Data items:
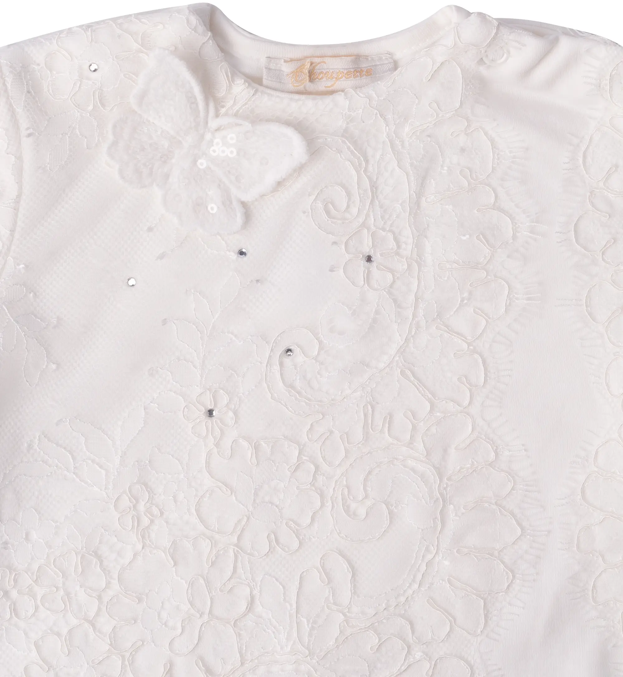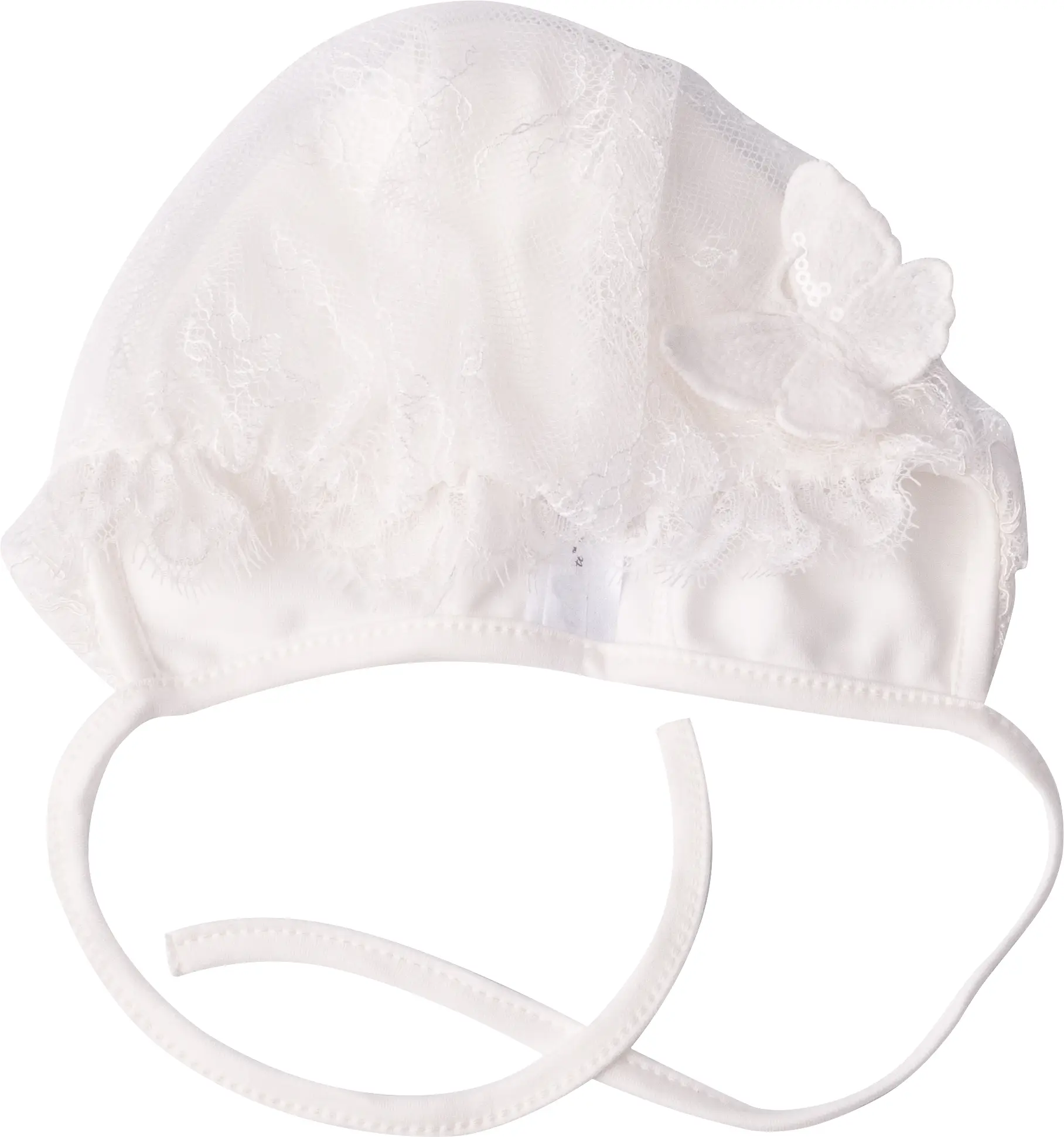 капюшон и верхняя часть изделия декорированы кружевом с нежными объёмными цветами
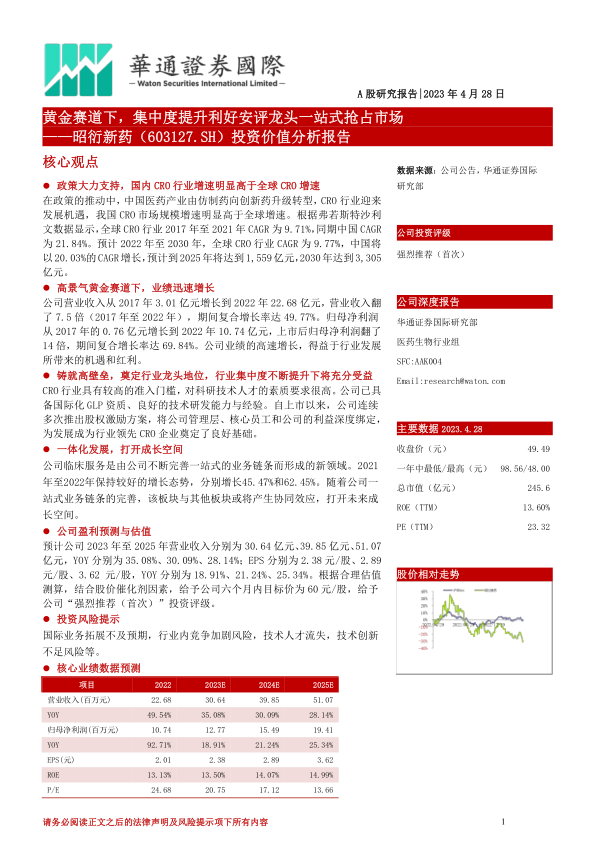 昭衍新药已铸就高壁垒,奠定行业龙头地位,并将在行业集中度不断提升的趋势中充分受益。公司具备全面的国际化GLP资质(包括中国NMPA、美国FDA、OECD、韩国MFDS、日本PMDA等),拥有超过2,700人的专业技术团队,并积累了丰富的药物评价经验。通过股权激励机制,公司有效绑定了管理层和核心员工利益。此外,公司积极拓展临床服务等新领域,完善一站式业务链条,预计将产生协同效应,进一步打开未来成长空间。基于对公司盈利能力的预测和多种估值模型分析,报告给予昭衍新药“强烈推荐(首次)”的投资评级,并设定六个月内目标价为60元/股。
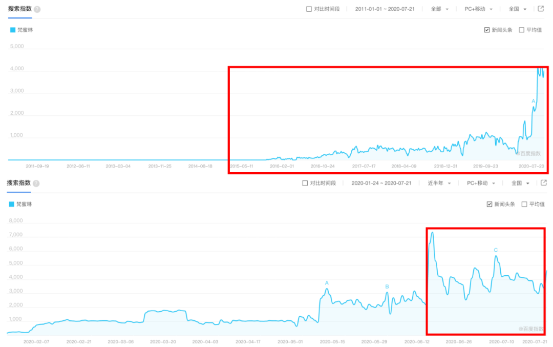 根据百度搜索指数来看,上图可以看到梵蜜琳从2015年开始成立,成立后一直波澜不惊,从去年开始慢慢有一点关注,直到今年6月中旬《乘风破浪的姐姐》播出,梵蜜琳这才被大众注意到,迎来了一个逆势攀升。
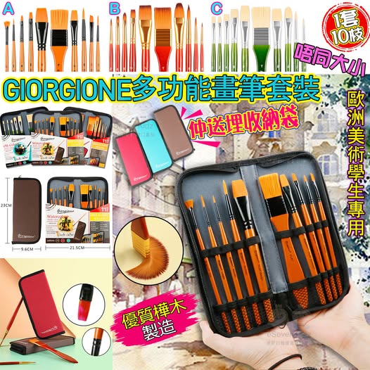🔥GIORGIONE ART PAINT BEUSH SET 🎨《1套10支畫筆連收納袋》🖌 ❌❌原價 $21X❌❌, 🌈今日勁減只售🔥$42, 🤭平均每支只係$4.2❗唔用黎畫畫, 買黎掃下塵都抵!!
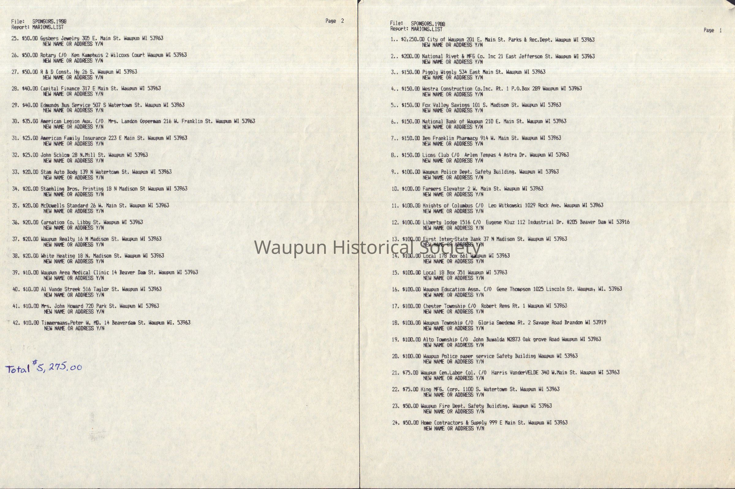 List of Sponsors, 1988

__Task objective__
Leave out the pictures. Return exactly the lines from the first line of the records to the line bearing "昭衍新药已铸就高壁垒,奠定行", inclusive.

__Result__
 капюшон и верхняя часть изделия декорированы кружевом с нежными объёмными цветами
 昭衍新药已铸就高壁垒,奠定行业龙头地位,并将在行业集中度不断提升的趋势中充分受益。公司具备全面的国际化GLP资质(包括中国NMPA、美国FDA、OECD、韩国MFDS、日本PMDA等),拥有超过2,700人的专业技术团队,并积累了丰富的药物评价经验。通过股权激励机制,公司有效绑定了管理层和核心员工利益。此外,公司积极拓展临床服务等新领域,完善一站式业务链条,预计将产生协同效应,进一步打开未来成长空间。基于对公司盈利能力的预测和多种估值模型分析,报告给予昭衍新药“强烈推荐(首次)”的投资评级,并设定六个月内目标价为60元/股。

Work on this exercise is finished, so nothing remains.